DriverX is a 2017 American drama film directed by Henry Barrial, starring Patrick Fabian.

Cast
 Patrick Fabian as Leonard Moore
 Tanya Clarke as Dawn Moore
 Desmin Borges as Tom
 Travis Schuldt as Harry
 Melissa Fumero as Jessica
 Oscar Nunez as Julio
 Nina Seničar as Nina
 Max Gail as Danny
 Iqbal Theba as Distinguished Man
 Randall Batinkoff as Ryan
 Heather Ankeny as Jackie

Release
The film was released in theatres on 30 November 2018.

Reception
Dan Buffa of KSDK wrote that the film "shines a much-needed light on a profession that's not as easy as it looks" and is "far more interesting" than he initially thought it would be.
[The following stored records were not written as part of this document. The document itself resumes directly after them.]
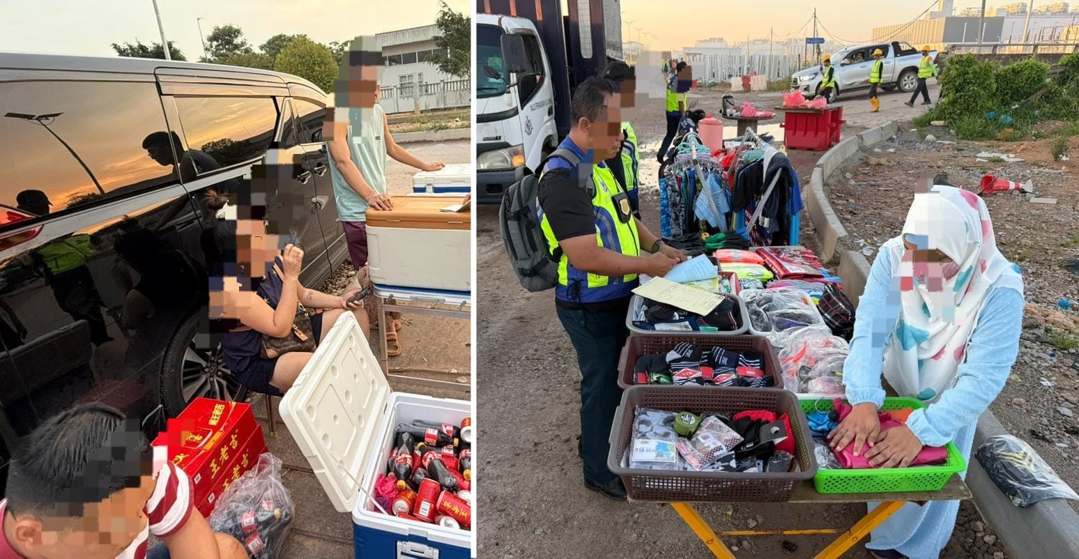 由于业者无法出示营业执照,执法组当场充公了所有违禁品及经营工具,连同该名小贩用于营运的车辆也一并扣押。
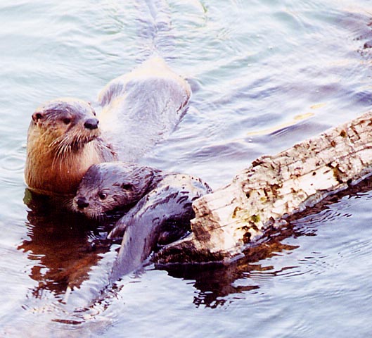 FEMALE RIVER OTTER WITH PUP AT TROUT LAKE BETWEEN SODA BUTTE FORMATION AND PEBBLE CREEK CAMPGROUND
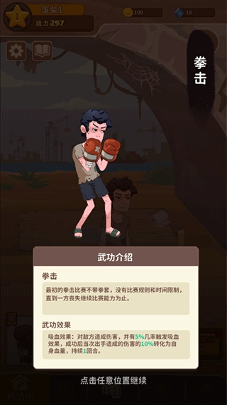 1、首先进入《我不是废柴》这款游戏,你会从废柴身份起步,学习一门功夫,像拳击就可以作为选择之一;
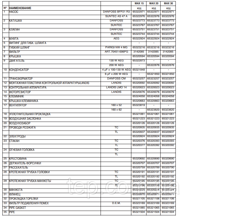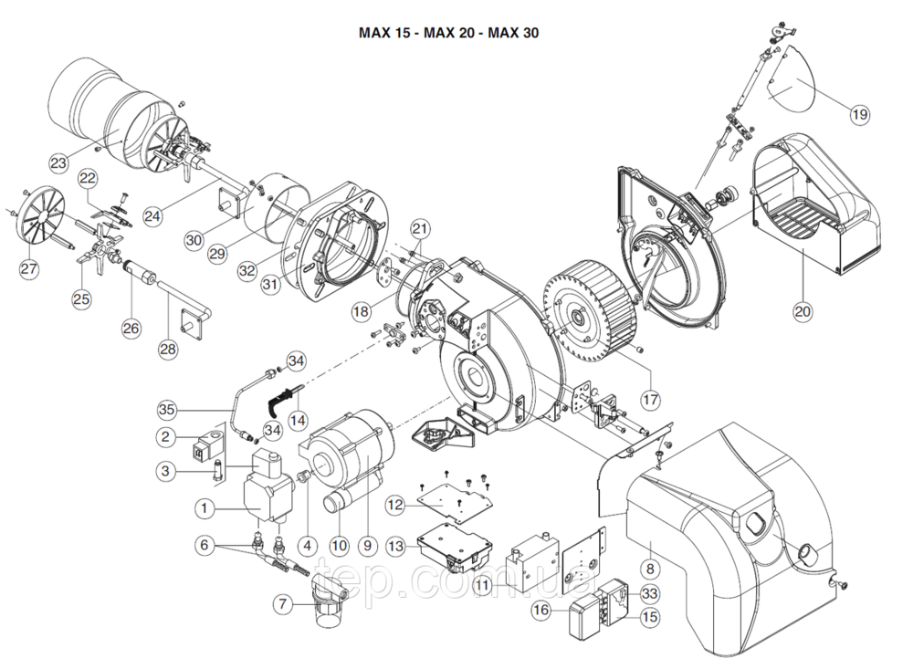 Запчасти для жидкотопливной ( дизельной ) горелки Ecoflam MAX20 мощноcтью до 237кВт
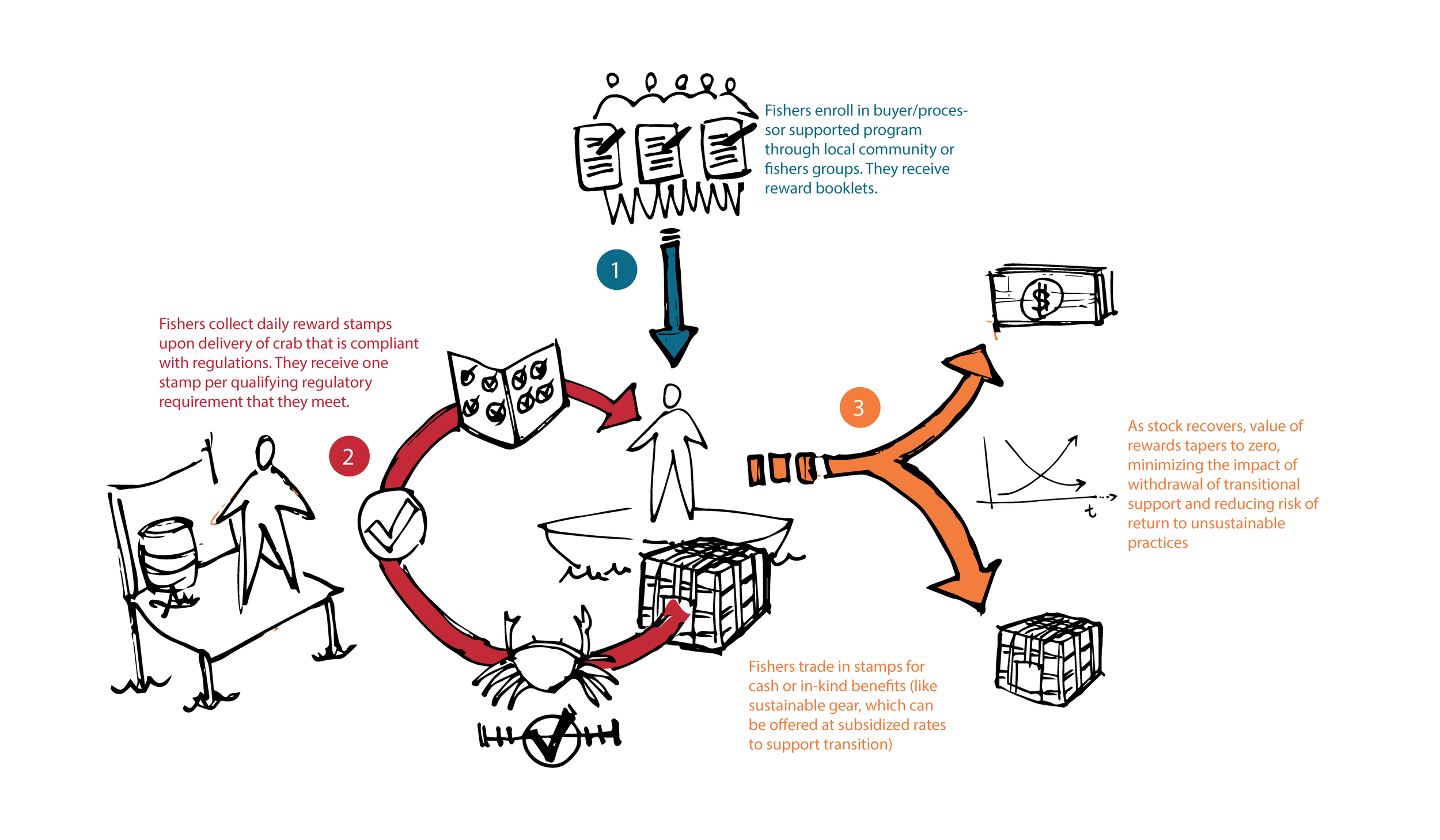 Offering a menu of benefits to fishers to as they transition to sustainable fishing practices will accelerate fisher buy-in and increase individual responsibility for changes on the water
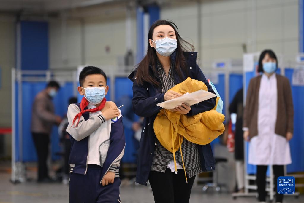 当日,天津市河西区德贤小学组织学生在监护人的陪同下,到北师大天津附中体育馆新冠疫苗临时接种点接种疫苗。近日,天津市启动3到11岁人群新冠疫苗接种工作。
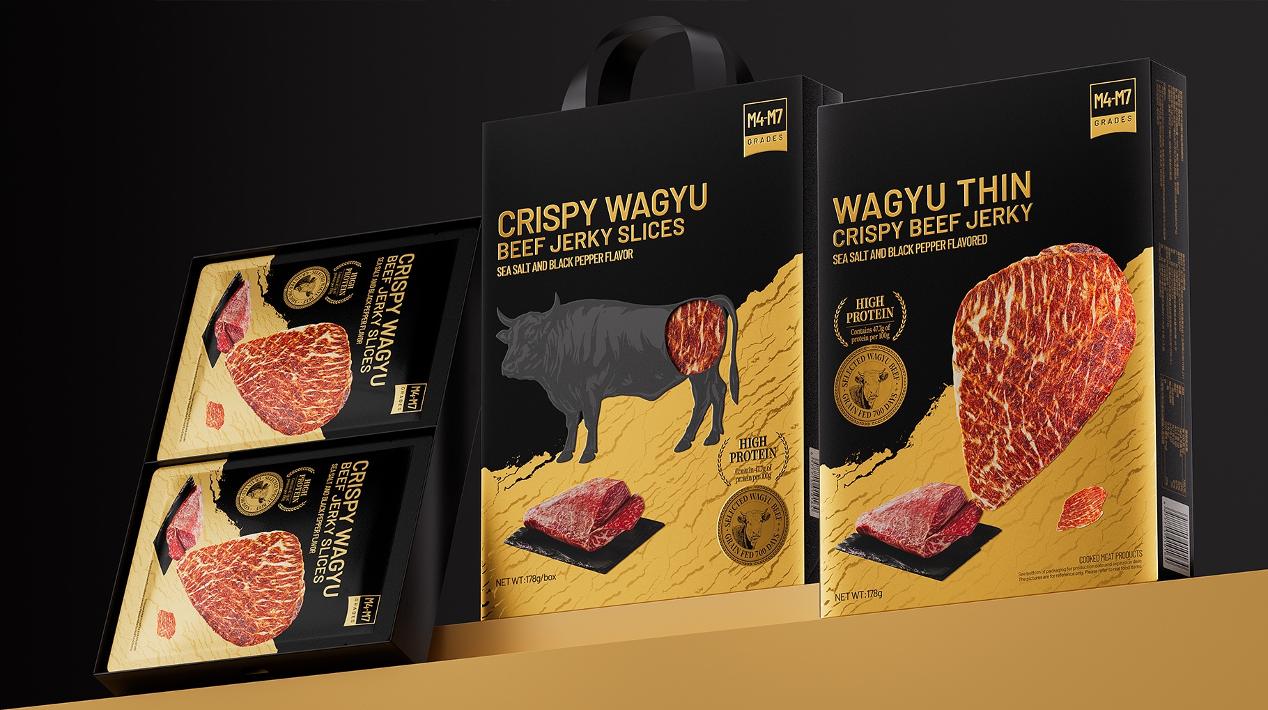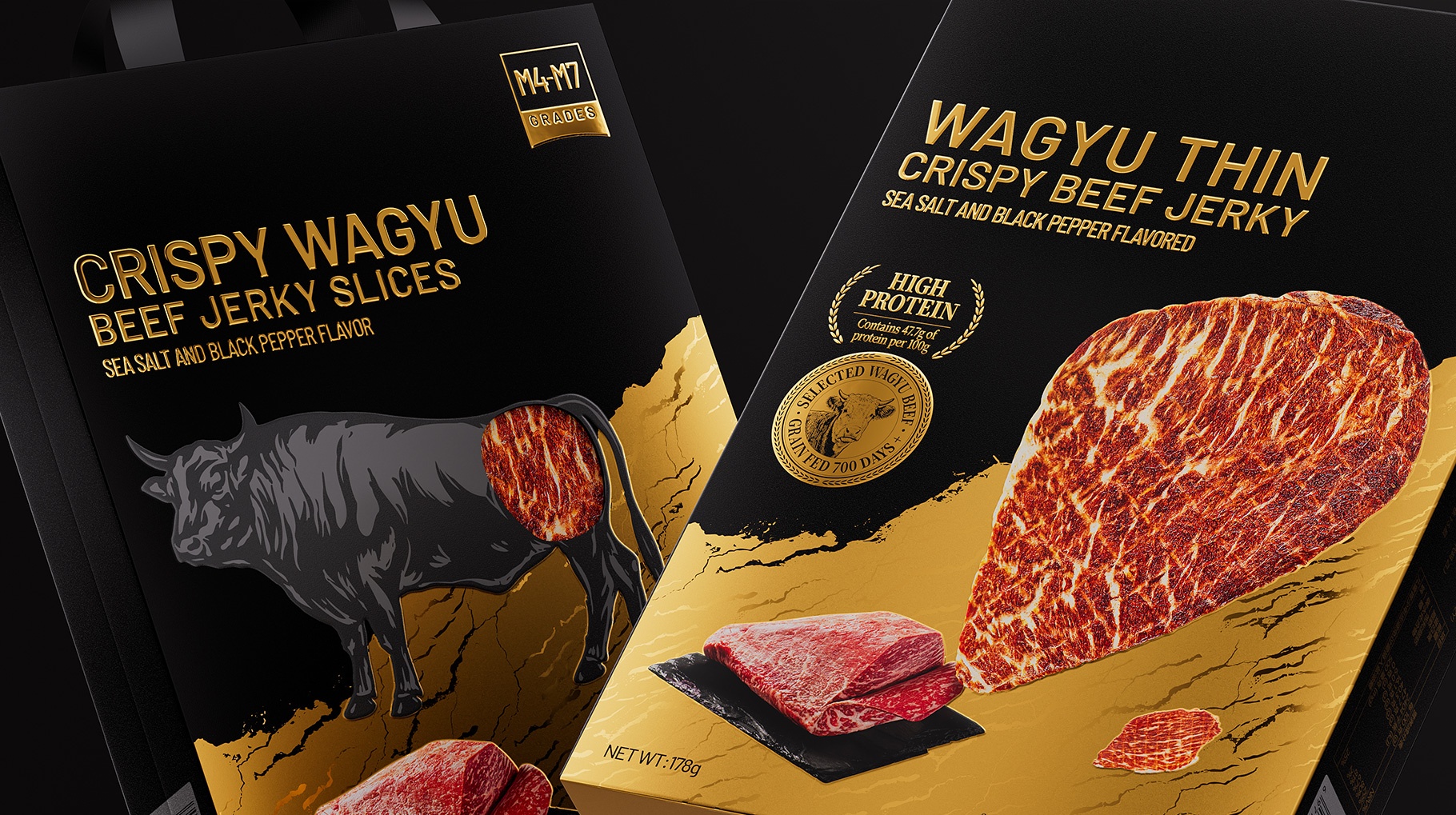?沃金和牛牛排脆產品包裝創意— 和牛雪花紋理的視覺美學?

Ben Kenigsberg of The New York Times wrote that while the film is "not perfect" and features "one wild night too many", its outlook "lingers". Noel Murray of the Los Angeles Times wrote that while the film 
is a "little reductive when it comes to the generation gap", the performances are "excellent" and Barrial "isn’t playing Leonard’s predicament for cheap laughs or amped-up drama".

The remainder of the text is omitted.